= Holden Furber =

American historian

Holden Furber (13 March 1903 – 19 January 1993) was a professor of South Asia Studies at the University of Pennsylvania from 1952 till 1973. He was the twenty-first president of the Association for Asian Studies and a scholar who specialized in the history of India during the time of the British Raj.

== Biography ==
Born in Boston, Massachusetts in 1903, Furber was almost entirely educated in the Boston area, where he attended Brookline High School before graduating from Harvard University in 1924. He received his doctorate from Harvard in 1929 and at the same time attended Oxford University, where he completed a bachelor's degree in 1925 and a master's degree in 1930. In 1931, during his nine-year career as a lecturer at Harvard, he published his first book, Henry Dundas, First Viscount Melville, followed within two years by his edition of The Correspondence of Sir John Shore, Governor General, with Henry Dundas, President of the Board of Control, 1793–1798. Furber's potential as a young scholar was identified with the awarding of a Guggenheim Fellowship in 1937–1938. He was appointed to the post of assistant professor at the University of Texas in 1940 but soon received an assignment to the Office of Strategic Services (which later became the CIA) to work as a social science analyst after the United States entered the Second World War. From 1943 to 1945, Furber served the US State Department as a specialist on the British Commonwealth, before returning to the University of Texas, where he stayed until 1948.

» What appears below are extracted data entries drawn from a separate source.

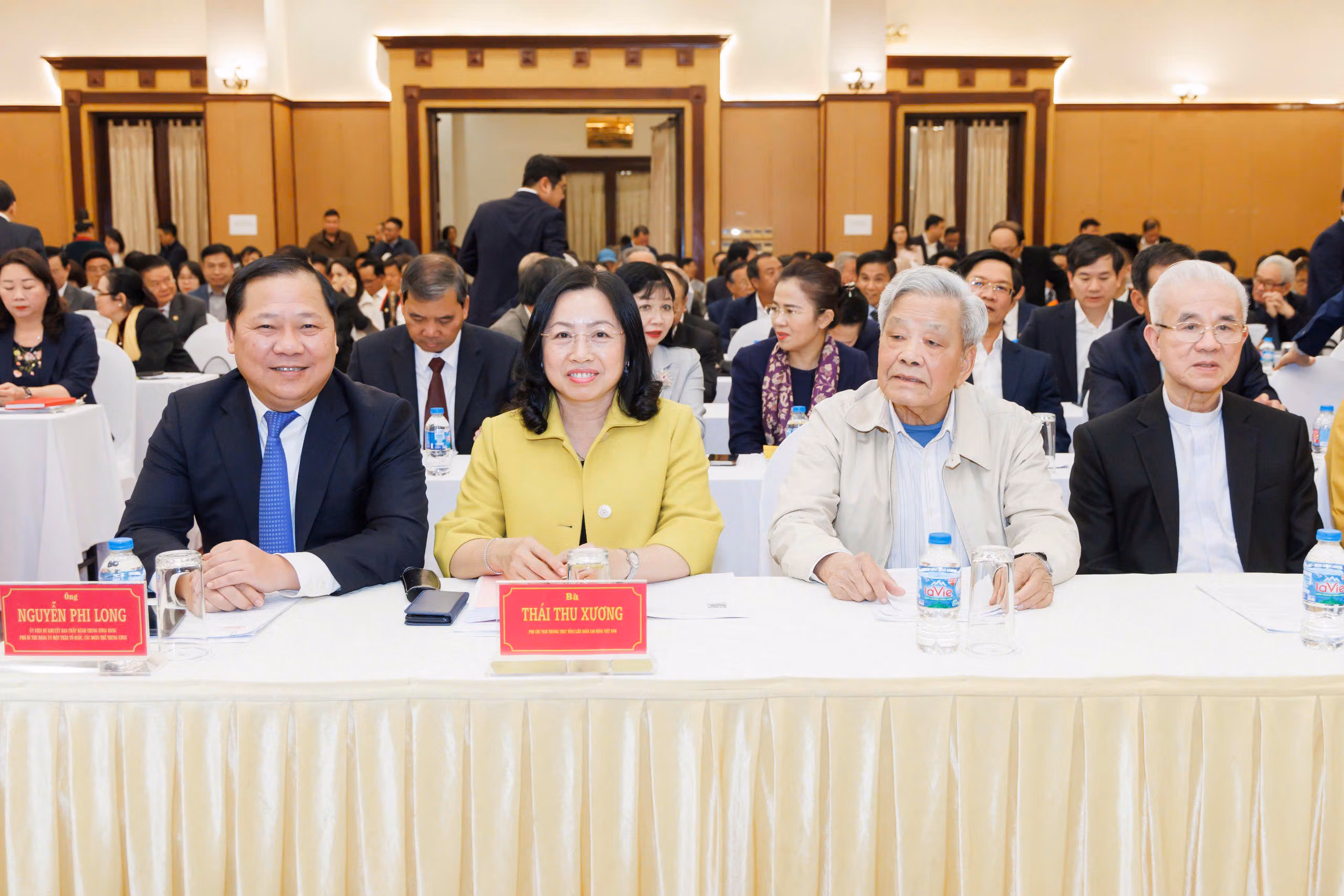 Tham dự Hội nghị có bà Bùi Thị Minh Hoài - Ủy viên Bộ Chính trị, Bí thư Trung ương Đảng, Bí thư Đảng ủy MTTQ, các đoàn thể Trung ương, Chủ tịch UBTƯ MTTQ Việt Nam; bà Hà Thị Khiết - nguyên Bí thư Trung ương Đảng, nguyên Trưởng ban Dân vận Trung ương; Phó Chủ tịch không chuyên trách UBTƯ MTTQ Việt Nam; bà Nguyễn Thị Doan - nguyên Phó Chủ tịch nước, Phó Chủ tịch không chuyên trách UBTƯ MTTQ Việt Nam, Chủ tịch Hội Khuyến học Việt Nam; ông Nguyễn Phi Long - Ủy viên dự khuyết Trung ương Đảng, Phó Bí thư Đảng ủy MTTQ, các đoàn thể Trung ương; ông Nguyễn Mạnh Hùng - Phó Chủ nhiệm Ủy ban Kiểm tra Trung ương Đảng.
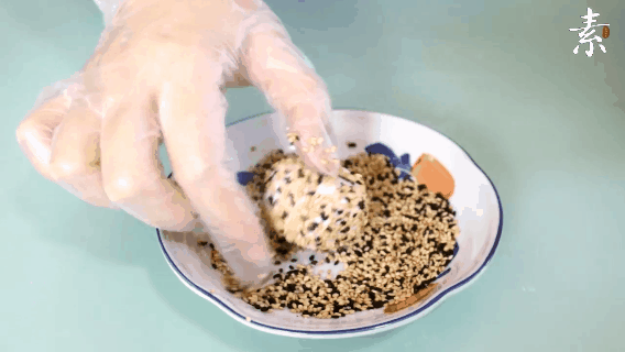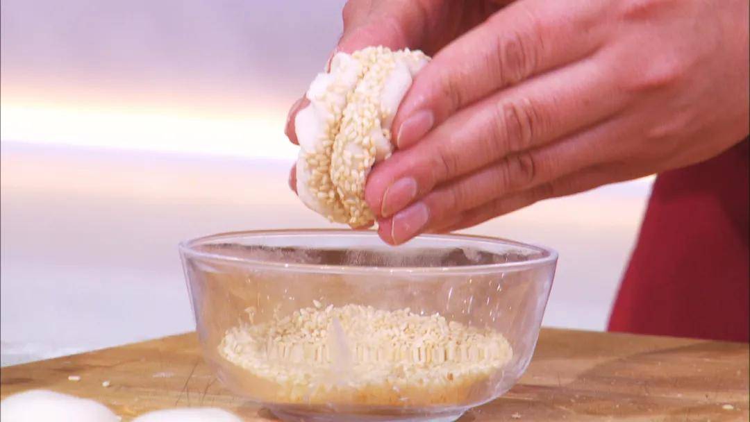5.滚上一层芝麻,压成饼状。
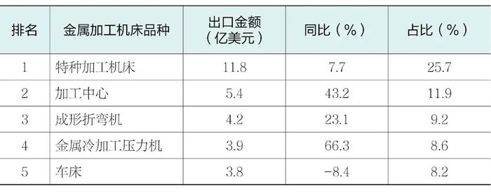 2025年上半年,出口前五位的金属加工机床品种及其出口金额,详见表9。
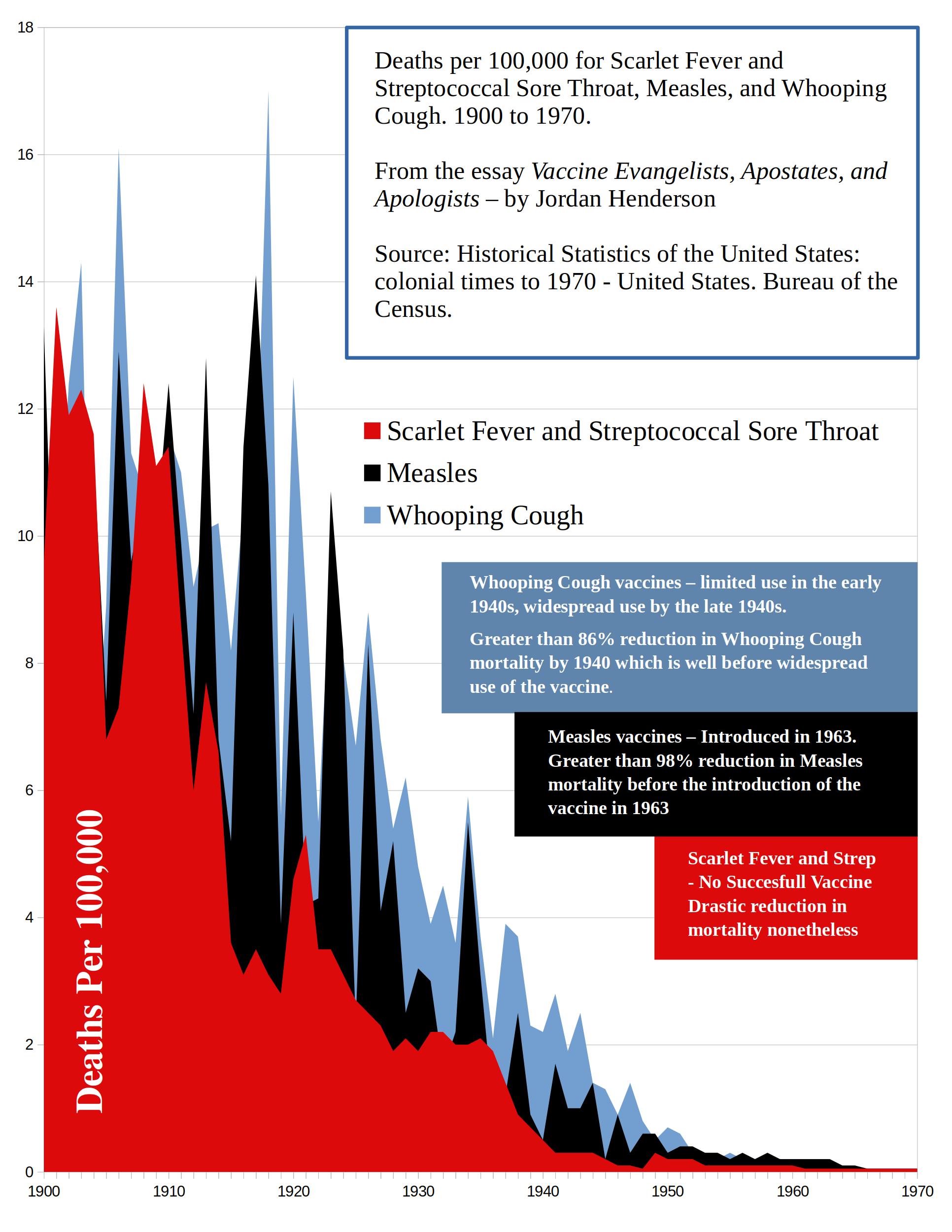 As you can see, in the early 20th century, deaths were attributed to Scarlet Fever at a rate nearly on par with Measles and Whooping Cough. In the 19th century Scarlet Fever death rates were on average even higher then either Whooping Cough or Measles.
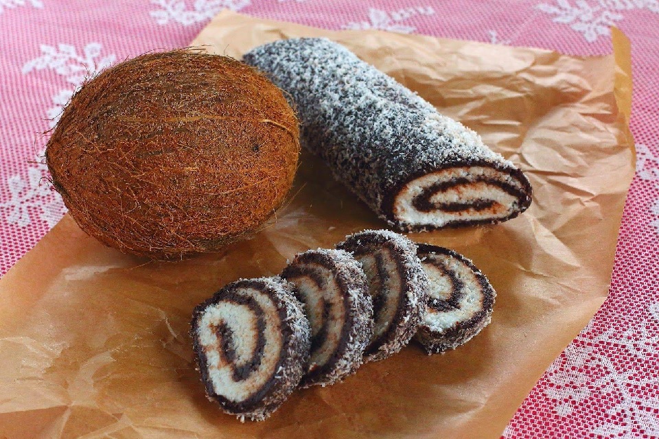 A barna rész valamennyi hozzávalóját turmixgépben vagy késes aprítóban sima masszává dolgozzuk. (Ha a datolya nagyon száraz, akkor előtte 1-2 órára áztassuk be vízbe, hogy megpuhuljon!) Két sütőpapír közé téve a masszát 20 x 25 centis téglalappá nyújtjuk. Rásimítjuk a fehér részt, amihez szintén valamennyi hozzávalóját turmixgépbe vagy késes aprítóba téve krémesítjük. Szorosan feltekerjük (az alatta lévő sütőpapír segítségünkre lehet a tekerésnél). Belegörgetjük a kókuszba és 3-4 órára, még jobb, ha egész éjszakára hűtőszekrénybe tesszük mielőtt szeletelnénk.

It was at that point that Furber published what was regarded as his most creative book, John Company at Work. For this study of the country trade in Asia, European trade from one point in Asia to another, Furber pored through Dutch, French, and Danish, as well as British archives. He concluded that private British trading interests combined with Indian merchants to play a dynamic role in a network of trade which ultimately led to the establishment of the British Raj in India. The American Historical Association recognised the book with the Watumull Prize in 1949. In the meantime, Furber lectured at the University of Madras in 1948, before moving to the University of Pennsylvania, where he served as Professor of History until 1973. It was at Pennsylvania that he formed a close working relationship with W. Norman Brown and significantly contributed to the building of a program for studying the Indian subcontinent. He traveled to India in 1962 to deliver the Heras Lectures at the University of Bombay, which were published under the title The Bombay Presidency in the Mid-18th Century. In 1965 co-edited the fifth volume of the series entitled The Correspondence of Edmund Burke. This volume documented the period between July 1782 and June 1789 during which Burke's constructive interest in Indian affairs yielded to an "implacable determination" to defeat Hastings in the latter's impeachment trial. Furber interpreted these letters as re-enforcement for the "view held in India today" that Burke was a "champion of Bengal's downtrodden millions."

Furber was a member of the Royal Historical Society and was the president of the Association for Asian Studies from 1968 to 1969. In retirement, he published his ambitious survey, Rival Empires of Trade in the Orient 1600–1800, which applied the themes elucidated in John Company at Work back to earlier times. Furber's last book was dedicated to Elizabeth Chapin Furber, his first wife and a scholar of medieval French history, who died at the time of his retirement. His second wife Lucy Richardson was the classmate of a widow, whom he escorted to his 50th reunion at Harvard. They married seven years later and they periodically lived at his summer home at Marblehead, Massachusetts, and her family home in Concord, Massachusetts. He died during his sleep on January 19, 1993, in Bedford, Massachusetts.